Subscriber Index

Contents

Since EventBus 3.0

Using a subscriber index avoids expensive look-ups of subscriber methods at run time using reflection. Instead, the EventBus annotation processor looks them up at build time.

It is recommended to use the index for Android apps in production. It is faster and avoids crashes due to reflection (see reported issues due to NoClassDefFoundError).

Index requirements

  • The @Subscribe method and its class must be public.
  • The event class must be public.
  • @Subscribe can not be used inside of anonymous classes.

Note: When EventBus cannot use an index, e.g. if the above requirements are not met, it will fall back to reflection at run time. This ensures @Subscribe methods receive events even if they are not part of the index.

How to generate the index

Java: using annotationProcessor

For plain Java projects (not Android) this requires Gradle 5.2 or newer.

In your apps build.gradle, add the eventbus-annotation-processor dependency using the annotationProcessor configuration.

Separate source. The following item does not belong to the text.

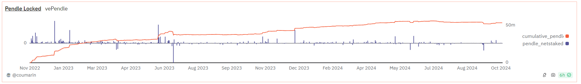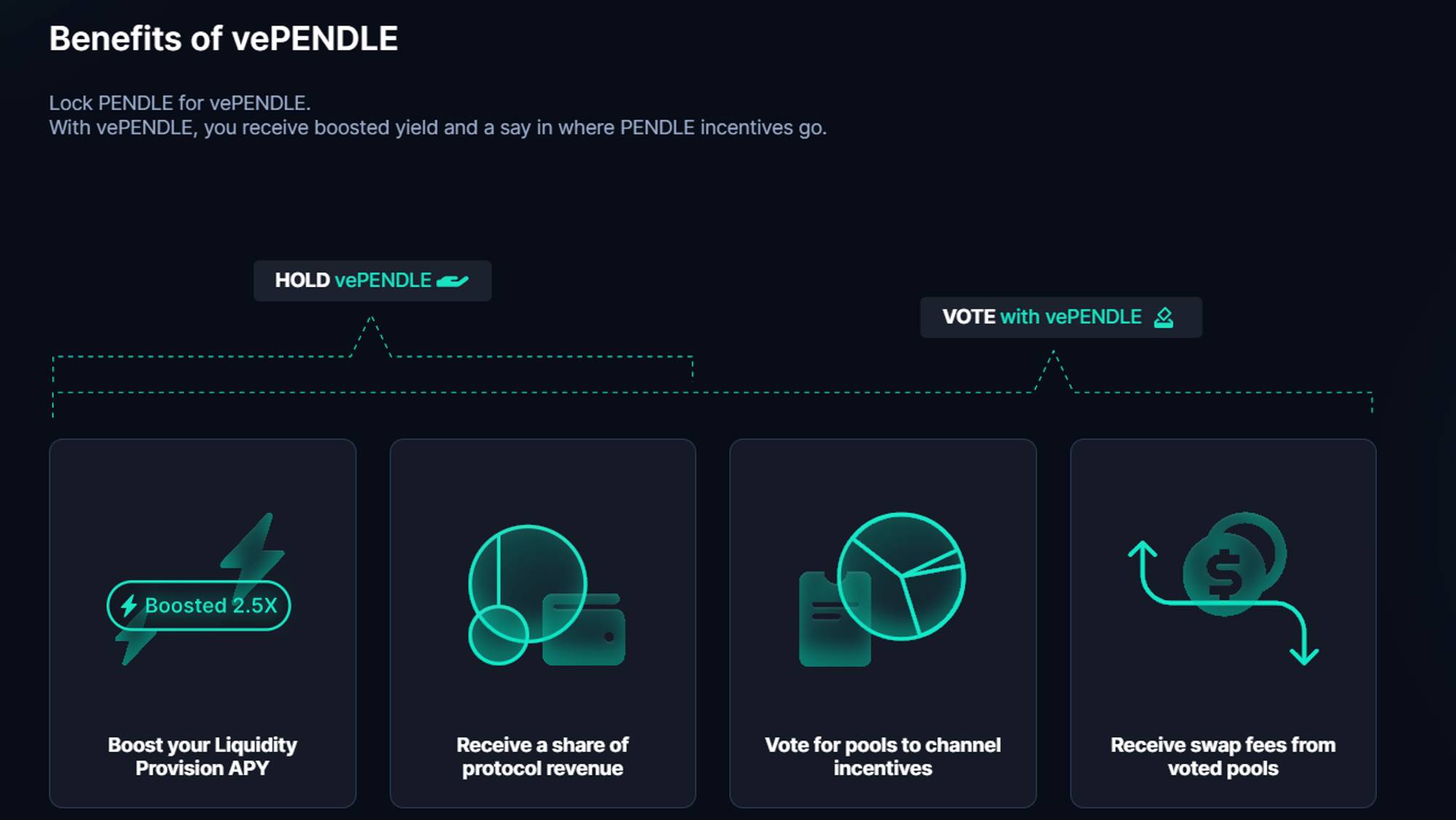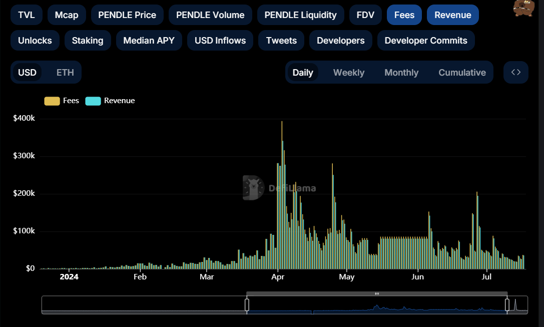 这四个收益率在 Pendle Market 的界面都会同时给出,当 Underlying APY>Implied APY 时,说明持有该资产的收益将大于持有 PT 的收益,此时可以采用做多收益率的策略,即买入 YT、卖出 PT,当 Underlying APY Pendle AMM 用来实现 SY、PT 和 YT 代币之间的交易。根据 Pendle 白皮书,在 V2 版本中,Pendle 改进了 AMM 机制,借鉴了 Notonial Finance 的 AMM 模型,提高了资金效率,降低了滑点。市面上固收类协议的三种 AMM 模型的图示如下,其中 X 轴是指 PT 资产在池子中的比例,纵轴为 Implied Interest Rate,目前 Pendle 采用的是红色曲线对应的 AMM 模型,黑色曲线为 V1 模型,蓝色曲线为其他固收类协议的 AMM 模型。 在具体的池子中,Pendle V2 采用了 PT-SY 的交易对,例如 PT-stETH 和 SY-stETH,可以大大降低 LP 的无常损失(后面会进行详细分析)。由于 SY=PT+YT,因此可以通过 Flash Swap 的方式实现 YT 的兑换,具体的流程如下。如用户需要购买价值 1ETH 的 YT-stETH,即需要实现 ETH 到 YT-stETH 的兑换。假设 1ETH=N YT-stETH,合约将从池子中借出 N-1 个 SY-stETH,并将用户的 ETH 转化为 SY-stETH(具体的过程是,先将 ETH 通过 Kyberswap 兑换成 stETH,然后在协议内封装为 SY-stETH),然后将所有的 SY-stETH(N 个)拆分为 PT 和 YT,把适当数量的(在本例中为 N)YT 给用户,然后将 PT(N 个)归还给池子,在池子中实际完成的是 SY-PT(N-1 个 SY 兑换成了 N 个 PT)的兑换。 卖出 YT 的流程则相反。如果用户想要卖出 N 个 YT(假设 N 个 YT 此时的价值为 1 个 SY),合约将从池子中借出 N 个 PT,将其合并为 N 个 SY,并将一个 SY 给用户,N-1 个 SY 归还给池子,此时在池子中实际完成的是 PT-SY 的(N 个 PT 被兑换成了 N-1 个 SY)兑换。 和其他的 AMM 一样,Pendle AMM 同样需要 LP 为池子提供流动性,但由于在到期日,一个 PT 一定等于一个 SY,因此在到期日的时候,LP 不存在无常损失。用户在提供流动性时,提供的资产为 SY 和 PT 资产,因此将自动捕获这部分资产的原生收益,此外还包括交易费和 PENDLE 的流动性挖矿奖励,即包括四项收益来源: PT fixed yield:购买 PT 本身的收益 Underlying yield:即 SY 资产的收益 Swap fees:交易费的 20% PENDLE 代币激励 PENDLE 的代币经济机制主要在于锁仓获取 vePENDLE 后,所能参与的协议分成和决策治理。类似于 Curve 的 veCRV 模型,用户可以将 PENDLE 进行锁仓以换取 vePENDLE,锁仓时间越长,获得的 vePENDLE 的数量越多,锁仓时间从 1 周到 2 年不等。 持有 vePENDLE 的好处包括: Boost 收益:可以对自己作为 LP 的收益进行 Boost,最高额度为 2.5 倍 投票权:对 PENDLE 激励在不同池子中的分配进行投票 收益分成:vePENDLE 的持有者可以获得以下收益: 所投票池子内 80% 的交易费分成:vePENDLE 持有者对 PENDLE 激励的流向进行投票,只有完成投票才能获得所选交易池的奖励 所有 YT 收益的 3% 一部分 PT 的收益:这部分来源于未赎回的 PT,例如⼀个用户购买了 PT 资产,到期时没有赎回,经过⼀段时间后这部分资产被协议获取 在收益率的计算上,持有 vePENDLE 的 Total APY=Base APY+Voter’s APY,其中 Base APY 来自 YT 和 PT 的收益,Voter’s APY 来源于指定池子的交易费分成,也是构成 APY 的主要部分——目前 Base APY 仅为 2% 左右,而 Voter’s APY 可高达 30% 及以上。 Pendle 的 ve 模型同样促进了贿选平台的诞生,Penpie 和 Equilibria 都在从事相关的业务,类似于 Convex 与 Curve 之间的业务过程。但相比于 Curve,在 Pendle 上所交易资产的核心项目方并没有贿选的需求,Curve 作为稳定币和其他锚定资产的主要交易平台,保证池子的深度对维持币价的锚定具有重要意义,这促使项目方有极大的需求来参与贿选引导流动性,但保持 Pendle AMM 的交易深度似乎对 LSD 和 LRT 等相关项目方来说没有太多意义,因此参与贿选的主要动力将来源于 Pendle 上的 LP。贿选平台的建立主要优化了两方面的问题:1)Pendle LP 可以不用购买和锁定 PENDLE 来获得更高的收益;2)PENDLE 的持有者可以获得具有流动性的 ePEDNLE/mPENDLE,以获得 vePENDLE 的激励。由于本文仅对 Pendle 进行分析,因此在此处不对贿选生态进行过多展开。 PENDLE 代币于 2021 年 4 月推出,采用混合通胀模型,代币供应无上限,在前 26 周内提供每周 120 万个 PENDLE 的稳定激励,之后(27 周 -260 周),流动性激励将每周衰减 1%,直到第 260 周,此后(261 周以后),通胀率为每年 2%,用于激励。 根据 Token Unlock 数据,初始代币分配给予团队、生态系统、投资者、顾问等,目前全部代币已经完成解锁,如果不考虑 OTC 交易,仅考虑初始分配,PENDLE 未来不会面临大额集中解锁。目前每日通胀仅来自于流动性挖矿激励,每日排放数量约为 34.1k 的 PEDNLE,根据 8 月 5 日币价($2),每日解锁抛压为 $68.2k,抛压比较小。 Pendle 的发展大致可分为三个阶段: Pendle 成立于 2021 年,彼时虽然正值 DeFi Summer,但 DeFi 处于基建期,主要项目围绕着 DEX、稳定币和借贷三大件进行,作为利率交换产品并未得到太多的关注。 直到 2022 年末,随着以太坊完成向 PoS 的转变,以太坊质押利率成为了币圈的原生利率,一众 LSD 资产快速涌现,这造成:(1)利率成为了币圈的关注重点之一;(2)大量生息资产诞生,Pendle 找到了自己的 PMF;(3)Pendle 成为炒作 LSD 赛道的小市值标的,且细分赛道内竞品较少。这一时期上线 Binance 进一步提高了 Pendle 的估值上限。 2023 年末至 2024 年初,Eigenlayer 开启以太坊的再质押叙事,一众流动性再质押(LRT)项目纷纷诞生,Eigenlayer 和 LRT 项目均宣布了积分和空投计划,积分大战一触即发

Then configure the package and name of the index class that should be generated by adding the eventBusIndex processor option.

Kotlin: using kapt

In your apps build.gradle, add the eventbus-annotation-processor dependency using the kapt configuration. Then configure the package and name of the index class that should be generated by adding eventBusIndex as a kapt argument.

How to use the index

Build the project at least once to generate the index class specified with eventBusIndex.

Then, e.g. in your Application class, use EventBus.builder().addIndex(indexInstance) to pass an instance of the index class to EventBus.

Use EventBusBuilder.installDefaultEventBus() to set the EventBus with index as the instance returned by EventBus.getDefault().

Indexing your Libraries

Libraries can ship an EventBus index. To use the index of a library, for each library call EventBusBuilder.addIndex(indexInstance) with an instance of its index class.